No, it wasn't because of Hallie; it had started before her. It had started before the girl who grabbed his tie. Graham honestly couldn't say when, or why it had started. And who was to say where it would end? Graham had long thought of it as something he had to — and would — get over on his own. For one thing he never saw it as inherently to do with Patty. Not fully. It was something inside of him, something that was missing or somehow off, outside their marriage. He had never planned to leave. He wanted the marriage, their family, to work, and to last. But she grew suspicious and things came to a head in a way they were never meant to. And he couldn't walk it back from there. He's been gone now for three weeks. And in that time, the Chase home has descended into the bell jar.

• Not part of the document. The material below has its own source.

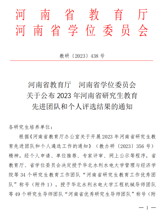 近日,河南省教育厅、河南省学位委员会发布了《关于表彰2023年河南省研究生教育先进团队和优秀个人的决定》(教研〔2023〕号),我校王振领教授荣获2023年“河南省优秀研究生指导教师”荣誉称号。
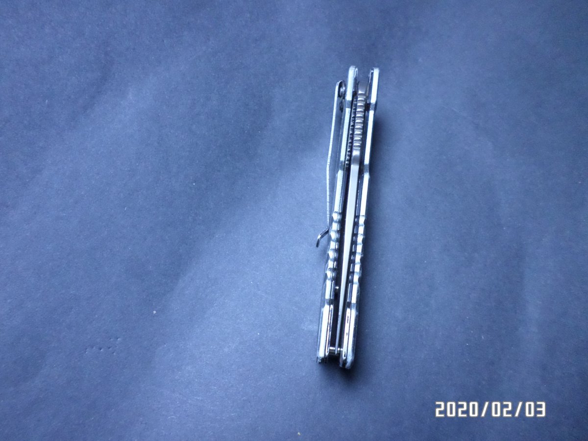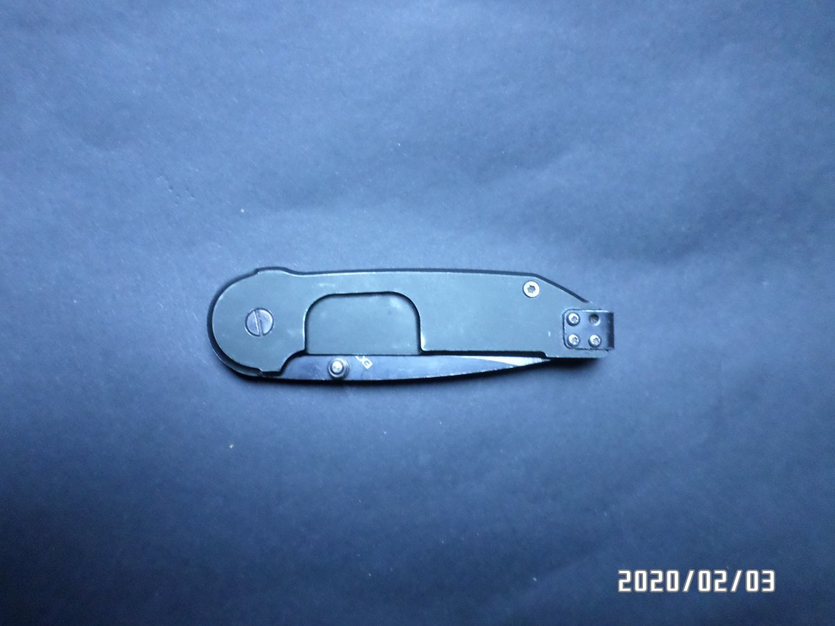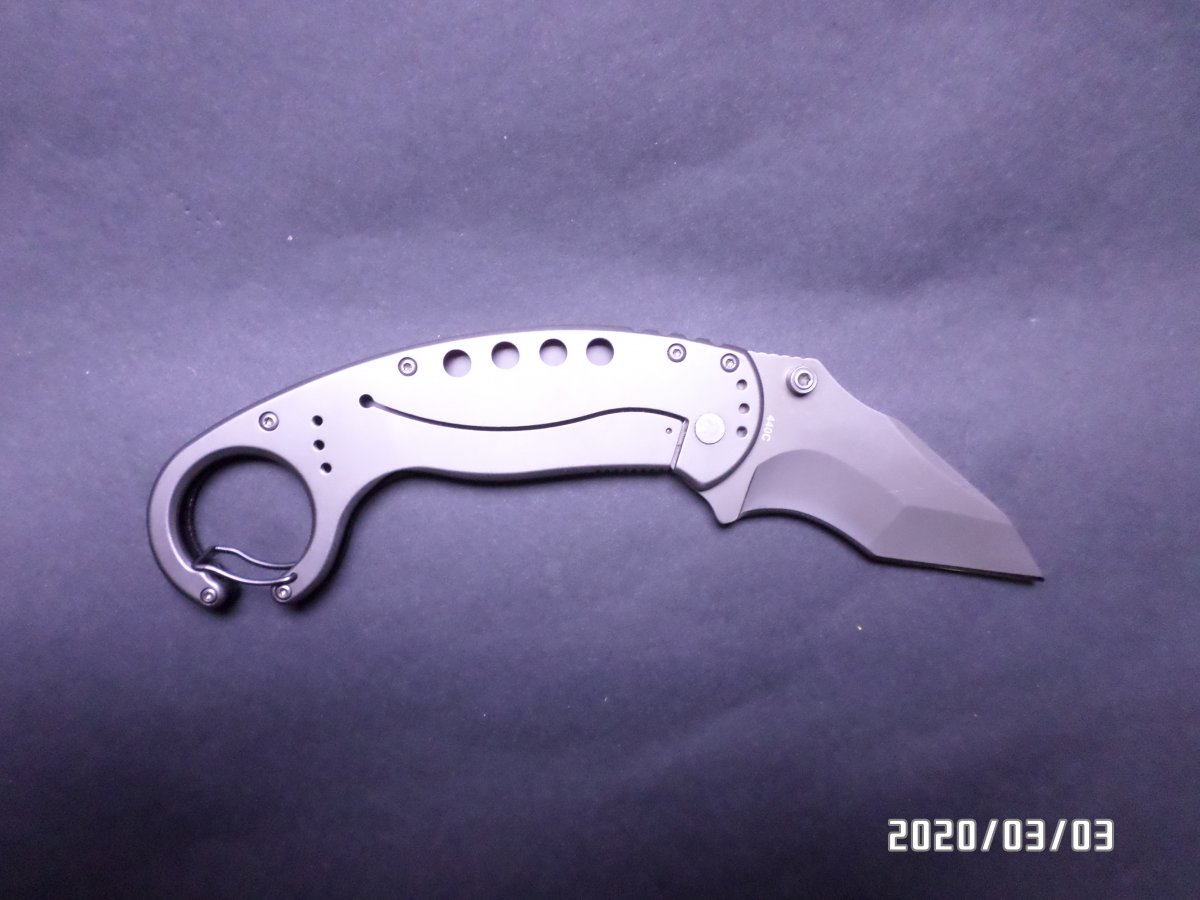 Заточка свежая, пружина щелкает как пушка, есть питинг на клинке и деформация на накладке (на фото).

Tepidly Angela turns the knob, and pushes open the door. In bed, Patty lies curled on her side, lying like dead weight. A scene grown too familiar to her older daughter. It's not her mother there on that empty queen bed, it's a shell; an empty husk, a hollow waif unequipped to reconcile the reality of her circumstances with the vision of her life she'd built for eighteen years.

If she makes herself look at it objectively, Angela knows this hasn't been anything close to easy on her father. She might even recognize that her mother might have played some limited part in all this, but Angela is not in the least inclined to look at this objectively. Objectively, she has been left. And alone as she is, it doesn't matter to her that it had been hell on Graham to tell the girls. In truth it had been hell on him to leave, to leave all three of them, but it doesn't matter to her. She has been left. It doesn't matter to her that nothing about the separation made him feel free — not even the end of fighting. She just doesn't care.

Other things are taking precedence.

The room Angela steps into feels dark and closed in; it is not a mess — Angela's been straightening up — but everything about it feels different. The room, the house, their lives, have shifted; it's only right to her that guilt should consume her father.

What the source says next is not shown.